Skills Self Assessments: When we want to understand what skills we have in the organization, we still mainly use skill self assessments where employees can identify and rate the skills they have along a proficiency scale. In other fields of data science, the method of collecting data through surveys is steered away from as much as possible. Yes, it is easy and cheap, but it also holds a lot of disadvantages. A crucial disadvantage of this method, is that it includes a lot of assumptions. Like the following:

  1. That everybody equally understands the meaning of each skill in the list
  2. That everybody equally understands the meaning of each proficiency level
  3. That everybody equally understand the characteristics of every skill-proficiency combination
  4. That people have a very accurate understanding of their own skills and proficiency level
  5. That everybody is fully honest when taking the assessment

None of the above assumptions can be easily proved to be correct, making every conclusion drawn from data gathered through self assessments to be of limited value.

Skills in demand: When we want to understand what skills our organization need, or what skills are in high demand in the workplace, we often use 2 data sources. First we question companies on their recruitment plans, like LinkedIn does every year (the 2022 version should come out soon!). The second method used, or more accurately, dataset used, is by processing job postings and search for skills mentioned in these postings through natural language processing (NLP). NLP is a great way to turn text based information into structured and informative data that can be analyzed. However, the one big assumption we make in using either method for data collection is the assumption that the recruiter and manager know exactly what skills are required to be successful in the role they post. That is a big assumption!
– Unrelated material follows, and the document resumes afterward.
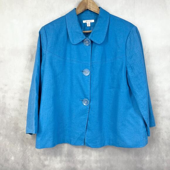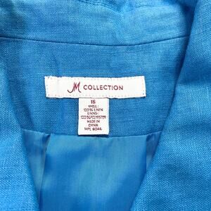 JM Collection Women Jacket 16 Linen Blue 3/4 Sleeve Coastal Classic Boxy READ
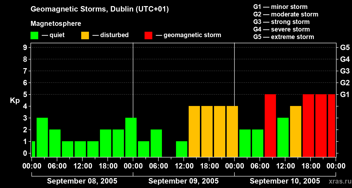 Geomagnetic storms in Dublin on Sep 10, 2005

Future skills identification: Similarly to the above example of skills needs, many of the ‘future’ skills research is done using the same data sources: interviews with business and HR leaders, and job posting data. So the same assumption holds: how well can we define the skills required to be successful in a job? But there is an second assumption that is possibly even more important to take into consideration: we assume that current skills will also be key in future job, but how do we deal with future skills that do not even exist today?

The troubling thing with the above example is that sometimes people are making up for the low level of reliability of the data by increasing the complexity of the analytics process. This is a classic example of GIGO: garbage in, garbage out. No matter how good your analytics (or AI for that matter!) is, if the data going into it is low quality, so will be your results.

Example 2: Learning Impact based on Evaluation data

We in L&D still love our course evaluations. But it really hurts every time I see claims that learning makes an impact when that claim is only based on on data taken from course evaluations. The reason this hurts so much is because that claim is false. But so many of us are buying into it. It is impossible to prove a direct correlation, let alone a causation, between how people personally perceive the quality and relevance of a training, and how they perform better in their role by only using evaluation data.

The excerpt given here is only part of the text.